Supongo que se le podrá hacer un tftp para cambiarle el firmware como a los linksys no?

Particularmente tengo dos linksys y estoy muy contento con ellos. Ademas tengo uno para enlazar externamente a una red social (no sabria como más describirlo xD), un mikrotik con routerOS, que es una maravilla (la conectividad es muy superior a la de un linksys, el precio también... xD).

Yo estoy conectado a www.guifi.net , que es un modelo diferente, social básicamente, no amparado por ninguna empresa (directamente, algunas han montado algunos tramos troncales y principalmente ayuntamientos que se han cansado de proyectos de la generalitat de catalunya como Flash10, humo básicamente, y se lo han montado ellos).

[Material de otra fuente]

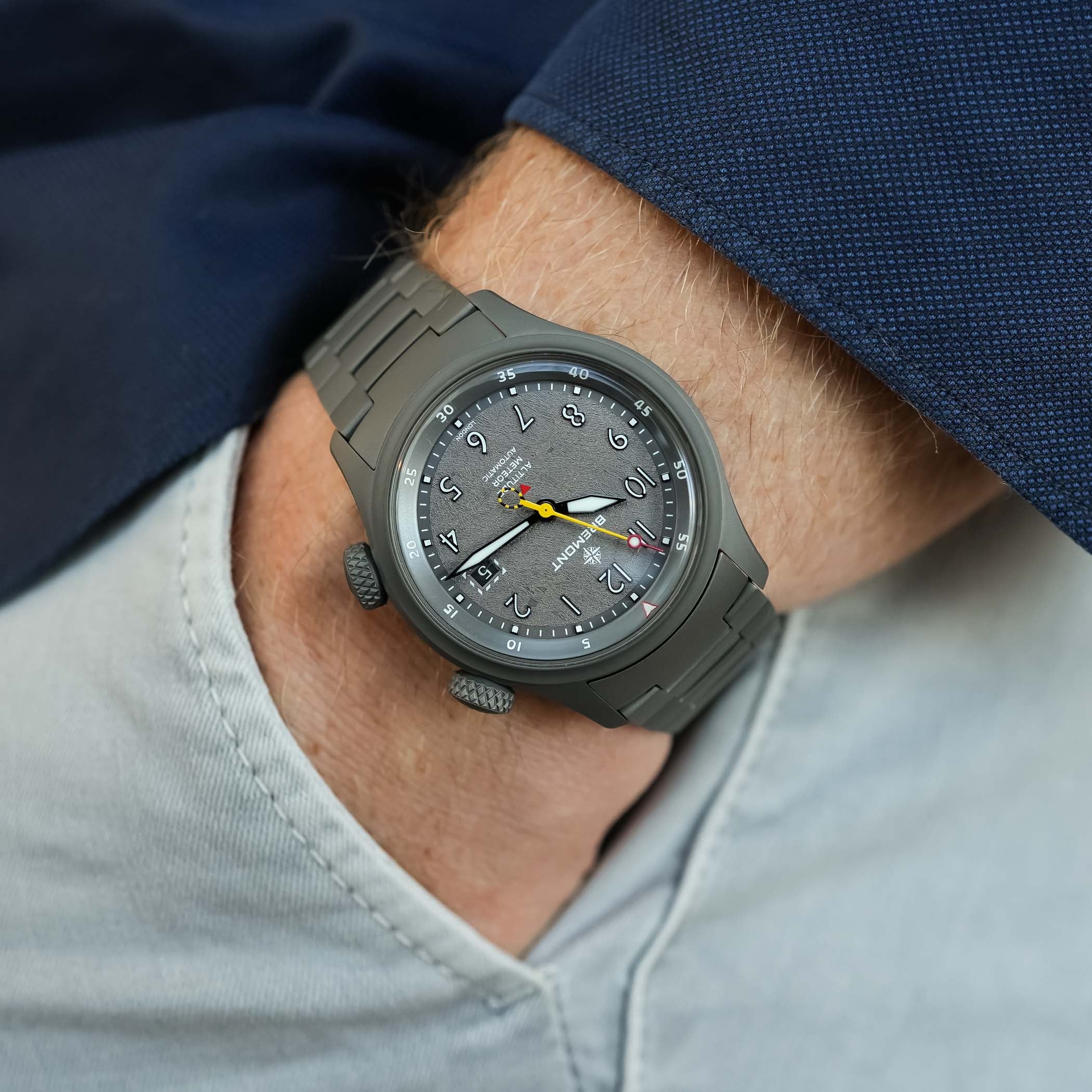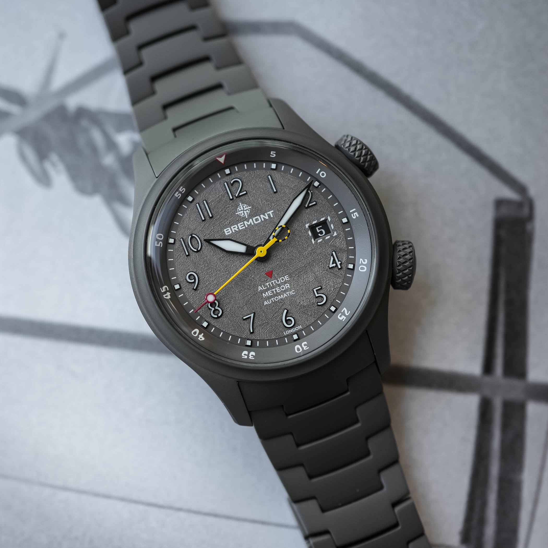 Founded by brothers Nick and Giles English in 2007, Bremont’s identity was forged upon aviation and military-inspired watches with a strong British accent. Now piloted by CEO Davide Cerrato, fans were delighted with the release of the Altitude MB Meteor that continues the saga of the iconic MB1 originally released in 2009, complete with the patented hyper-robust Trip-Tick case with two crowns designed to withstand the extremes of Martin-Baker’s ejection seat trials. The monochromatic Stealth Grey reference, with its 42mm titanium case and ultra-matte, light-absorbing finish, captures the look and feel of stealth aircraft. Pursuing the stealth theme, the grey dial features an embossed meteorite, while the yellow central seconds hand pays homage to the original MB1 with its black-and-yellow looped counterweight inspired by the ejector seat’s pull handle. Powered by an automatic calibre based on the La Joux-Perret G100 with a 68-hour power reserve, we can’t think of a better companion for your first ejection seat experience.
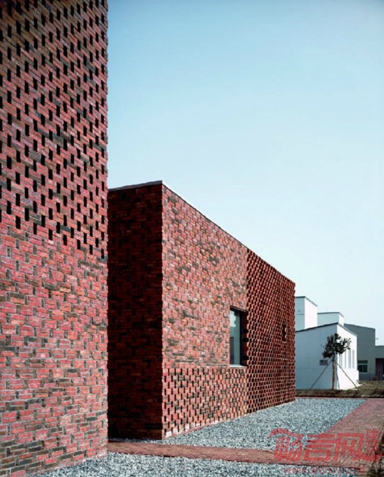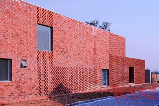建筑的外表是设计的重点:为强化其材料的地方性,建筑表皮全部用砖严实地包裹起来,每一处墙面都是空洞、砍半砖和凸半砖中2-3种砌法的混合,即用3种砌砖法进行立体主义式的抽象编织,3种密度的砖肌理和无规律的窗洞一起进行蒙德里安式的几何划分,而这一精确的几何划分,又揭示了无规律窗洞对于建筑外表面内在逻辑的规律性控制。
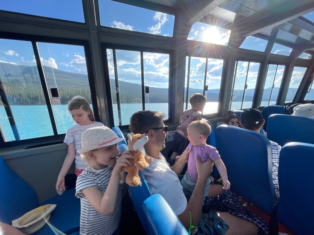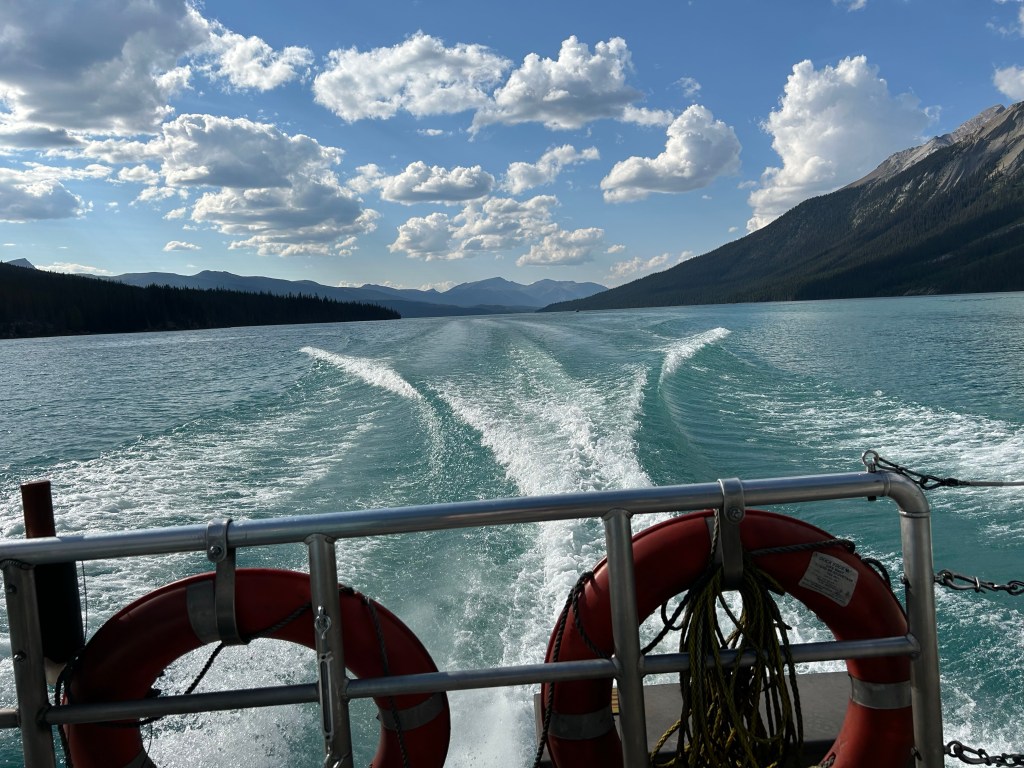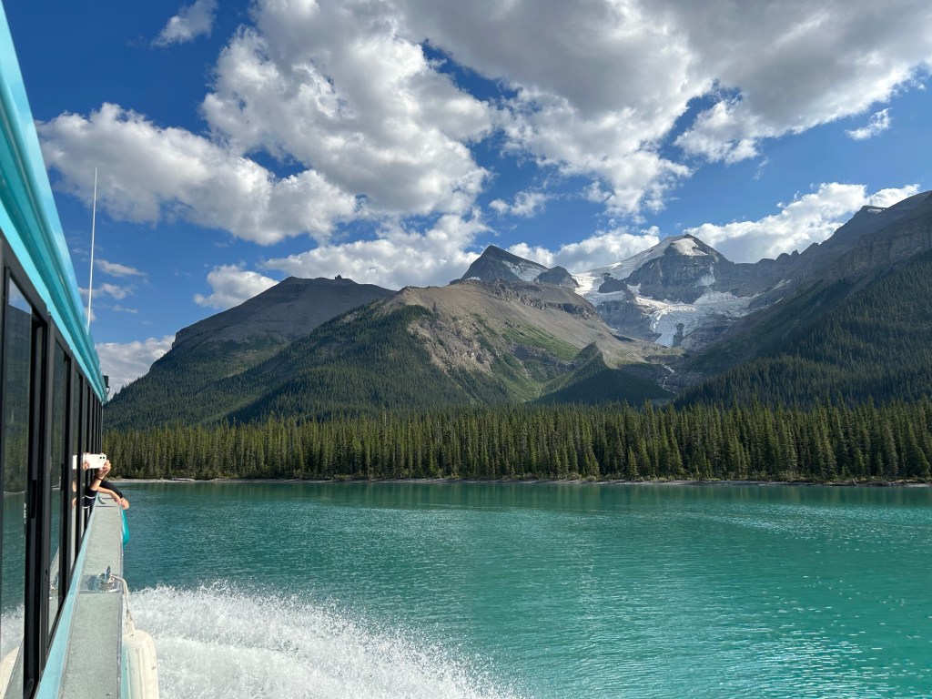 Prosto po kanionie spakowaliśmy się w samochody i ruszyliśmy nad Maligne Lake, tutaj zjedliśmy obiad z widokiem na jezioro i ruszyliśmy na rejs turkusowym jeziorem. Celem rejsu jest była Spirit Lake, wyspa a raczej cypel, która służyła a nawet nadal służy „Stone people” – takiej nazwy używał przewodnik, do odprawiania rytuałów ozdrawiających. Dookoła jeziora znajdują się 4 lodowce, którym zawdzięcza ono swoją niesamowitą barwę. To dzięki temu, że lodowiec wolno się przesuwając kruszy kamienie i tworzy mączkę, jeziora lodowcowe mają tak niesamowite kolory. Było absolutnie przepięknie i nie mogłam nie myśleć o moim ukochanym dziadku, który zawsze śledził nasze poczynania na blogu a po powrocie szczegółowo ze mną wszystko omawiał. Niedawno od nas odszedł a wiem jak bardzo by mu się podobał ten krajobraz bo kochał góry całym sercem ❤️.
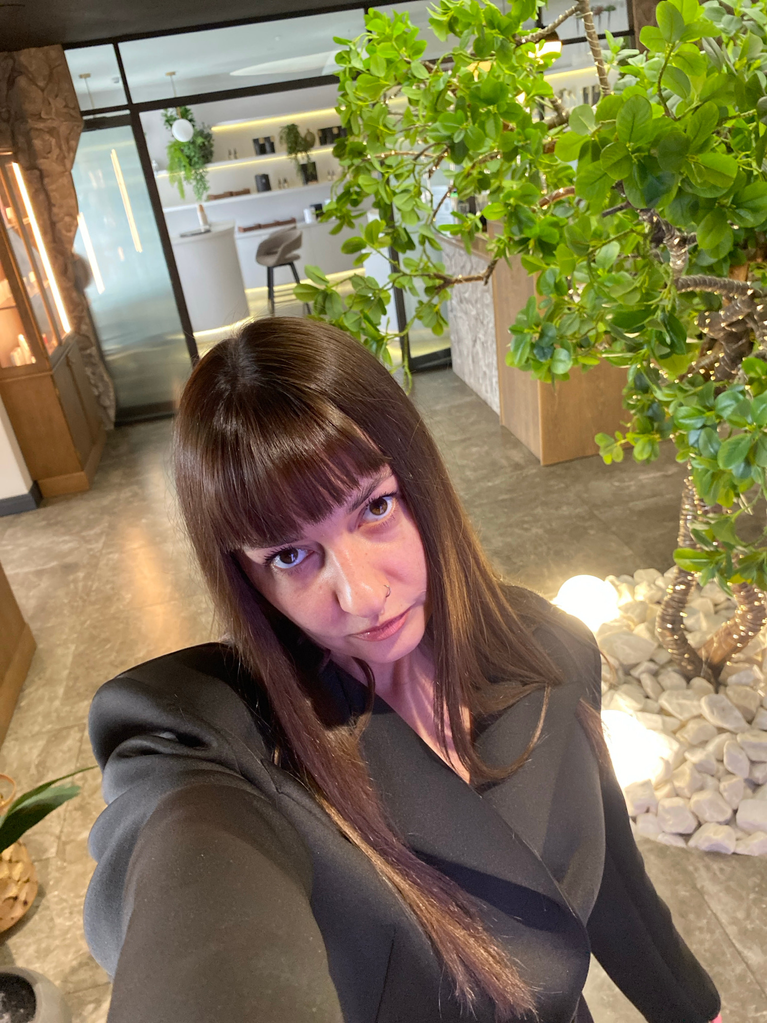 An image, rotated ninety degrees to the left, features a young woman posing for a close-up within an indoor setting. She has long, straight dark brown hair with a blunt fringe covering her forehead. H…read more
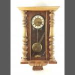 A wall-mounted wooden pendulum clock with no maker's mark. Length 66 x41cm approx
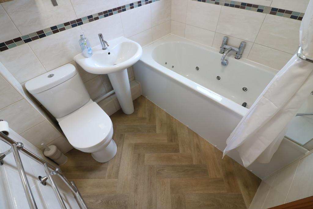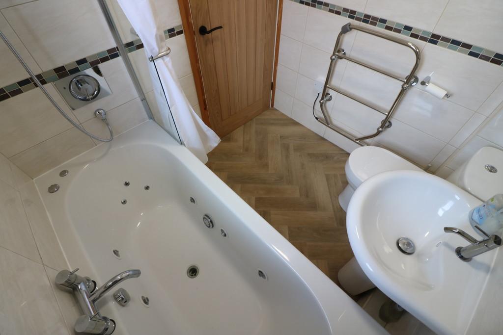 STYLISH BATHROOM with jacuzzi style bath with SHOWER over, W.C, wash hand basin and heated chrome towel rail.
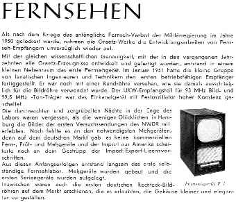 der 50er Jahre Maßstäbe in der deutschen Fernsehgeräteindustrie. Die
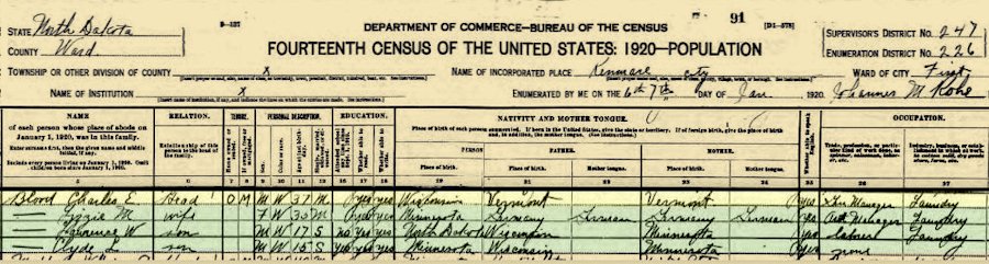 By 1920, he had moved on to Kenmare City, North Dakota and was married to Louise Marie Mahnke (1884-1965) and had two step-sons, Lawrence W. Rogar Bogar (1903) & Clyde L. Bogar (1905). She was born in Meeker, MN, 17 May 1884. They lived on First Ave. East, not far from the St. Agnes Academy. Charles was the proprietor of a laundry where his wife and both sons also worked. Their son, Clarence Robert Bogar (1907) was also living with them.
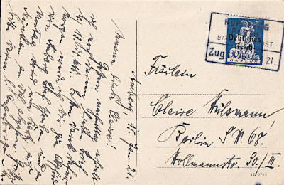 Inlandspostkarte vom 15.01.1921 (5. Periode) frankiert mit einer Marke a 30 Pfennig(=30 Pfennig)
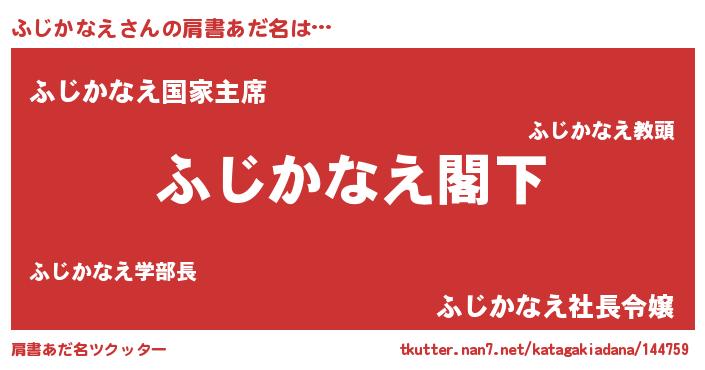 | 男性向けラノベタイトル風あだ名 | 『Re:ふじかなえから始める異世界生活』 |

La fonera, sinceramente lo veo como humo, mucho marqueting i poca aplicación práctica, pero bueno, también es cierto que como aquí se ha implantado guifi.net tampoco se ha podido testear la otra opción.

----------

## Howlett

 *opotonil wrote:*   

> En www.optize.es, he comprado alguna vez no tienen malos precios y el servicio tampoco esta mal aunque aveces se retrasan un poco con los envios, tienes la fonera de oferta por 8,61€ + iva + gastos de envio, no se donde saldra mejor...
> 
> http://www.optize.es/servlet/FONERA_FONERA__ROUTER_INALAMBRICO_PARA_EL_MOVIM_337117_optize.html
> 
> Salu2.

 

Sólo quería agradecerte el enlace. Me llegó el router este mismo lunes y me puse manos a la obra con él. Le instale OpenWRT y lo configuré en modo bridge tal y como yo quería, pero ahora me surge una duda. He pensado en la siguiente configuración pero no se si es posible:

1) Crear una red wifi en modo bridge para extender la LAN que tengo, como he hecho hasta ahora. Esta sería la red privada

2) Crear una segunda red wifi para crear una red pública que reparta IPs por medio de DHCP.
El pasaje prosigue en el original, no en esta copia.